* [Exercise objective] Of the entries below, restate word for word only the section that runs from the line with "Свеча для торта" to the line with "Farbenfrohe, skurrile und", counting both ends.

* [Provided data]
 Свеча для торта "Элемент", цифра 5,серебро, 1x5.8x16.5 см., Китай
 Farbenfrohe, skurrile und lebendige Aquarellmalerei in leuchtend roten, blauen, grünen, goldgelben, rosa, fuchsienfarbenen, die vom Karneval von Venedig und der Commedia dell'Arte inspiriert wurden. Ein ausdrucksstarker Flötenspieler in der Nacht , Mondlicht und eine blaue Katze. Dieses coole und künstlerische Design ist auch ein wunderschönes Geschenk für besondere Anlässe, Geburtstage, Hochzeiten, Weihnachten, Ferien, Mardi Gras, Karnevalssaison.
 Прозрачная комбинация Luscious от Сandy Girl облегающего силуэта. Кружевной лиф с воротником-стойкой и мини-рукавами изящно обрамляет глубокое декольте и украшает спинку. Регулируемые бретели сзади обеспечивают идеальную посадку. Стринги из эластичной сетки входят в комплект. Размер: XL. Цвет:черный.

--

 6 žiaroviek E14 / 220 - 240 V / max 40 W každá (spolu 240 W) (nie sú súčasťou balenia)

...

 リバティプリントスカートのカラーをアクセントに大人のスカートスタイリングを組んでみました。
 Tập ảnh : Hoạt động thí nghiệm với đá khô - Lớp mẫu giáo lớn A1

* [Exercise response]
 Свеча для торта "Элемент", цифра 5,серебро, 1x5.8x16.5 см., Китай
 Farbenfrohe, skurrile und lebendige Aquarellmalerei in leuchtend roten, blauen, grünen, goldgelben, rosa, fuchsienfarbenen, die vom Karneval von Venedig und der Commedia dell'Arte inspiriert wurden. Ein ausdrucksstarker Flötenspieler in der Nacht , Mondlicht und eine blaue Katze. Dieses coole und künstlerische Design ist auch ein wunderschönes Geschenk für besondere Anlässe, Geburtstage, Hochzeiten, Weihnachten, Ferien, Mardi Gras, Karnevalssaison.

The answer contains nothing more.